Vendors are also continuing to introduce various RAID levels and standards. For example, higher security, from the RAID controller to start mirroring the RAID; faster read and write speeds, for each hard disk constituting the RAID configuration of the CPU and Cache RAID, etc., but are not popular. IDE hard disk to build RAID technology is the emergence of a new technology direction, the market also has a greater impact, and its outstanding advantage is to build RAID arrays is very cheap. Currently, IDE RAID can support three levels of RAID 0, RAID 1 and RAID 0+1, and supports up to four IDE hard disks. Due to the limitations of IDE device scalability and the lack of hot-swappable technical support for IDE devices, IDE RAID is not yet widely used.
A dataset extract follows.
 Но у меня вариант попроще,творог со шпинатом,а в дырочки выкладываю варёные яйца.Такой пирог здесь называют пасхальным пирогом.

In short, development is an eternal theme, and the field of server storage technology is no exception. On the one hand, some giant manufacturers try to introduce new concepts or standards to lead the direction of development of server and storage technology, more representative of the IA-64 architecture and storage concepts such as Intel pushed; on the other hand, dedicated to the storage of professional vendors based on existing technology and industry standards, to promote SCSI, RAID, Fibre Channel and other existing storage technology and based on the rapid update and development of the program. Programs based on existing storage technologies and programs to rapidly update and develop. Under the condition of market economy, the only criterion to test the development of technology is the recognition of the market. The market calls for good technology, and new technologies must play a role in promoting the market forward to be widely accepted and recognized. With the development of high-performance computer market, high performance ratio, high reliability, high security of the storage of new technologies will continue to emerge.
There are many disk array products on the market now, and users should also choose disk array products according to their own needs, and now lists a few disk array products, while also providing some options for users who need disk array products. Table 2 lists the main technical specifications of several disk arrays.
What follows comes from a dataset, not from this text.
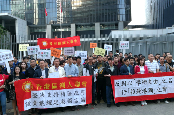 香港區潮人聯會昨逾百人帶同標語及口號,譴責戴耀廷於台灣發表有關香港可成為「獨立國家」的謬論,對其言行表示極度憤慨。他們又支持特區政府譴責戴耀廷言論的聲明。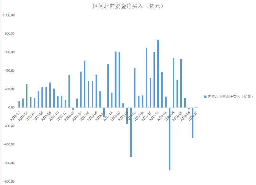 整个10月,北向资金累计净流入0.23亿元,其中沪股通资金净流出16.09亿元,深股通资金净流入16.32亿元。10月北向资金的变动金额为沪、深股通开通以来月度最低水平。10月,北向资金对613只个股加仓,对911只个股减仓。

--------------------------------------------------------------------------------
Trivia: Disk array reliability and availability
Reliability, which refers to the probability that a hard disk will fail under given conditions. Availability refers to the amount of time a hard disk is likely to be used for a given purpose. Disk arrays can improve the reliability of a hard disk system. A comparison of the reliability of a RAID hard disk subsystem versus a single hard disk subsystem can be seen in Table 3.
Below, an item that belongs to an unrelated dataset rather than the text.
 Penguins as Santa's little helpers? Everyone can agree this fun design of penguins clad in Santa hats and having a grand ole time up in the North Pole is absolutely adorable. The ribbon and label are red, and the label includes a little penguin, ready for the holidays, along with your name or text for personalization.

In addition, in terms of system availability, a single hard disk system has better availability than a disk array without data redundancy, while a redundant disk array has much better availability than a single hard disk. This is because redundant disk arrays allow a single hard disk to fail while continuing to function normally; the system recovery time after a single hard disk failure is also much shorter (compared to recovering data from tape); and in the event of a redundant disk array failure, the data on the hard disk is the same as it was at the time of the failure, and the replacement hard disk will contain the same data that was there at the time of the failure. However, to get full fault tolerance performance, the other components of the computer hard disk subsystem must also have redundancy.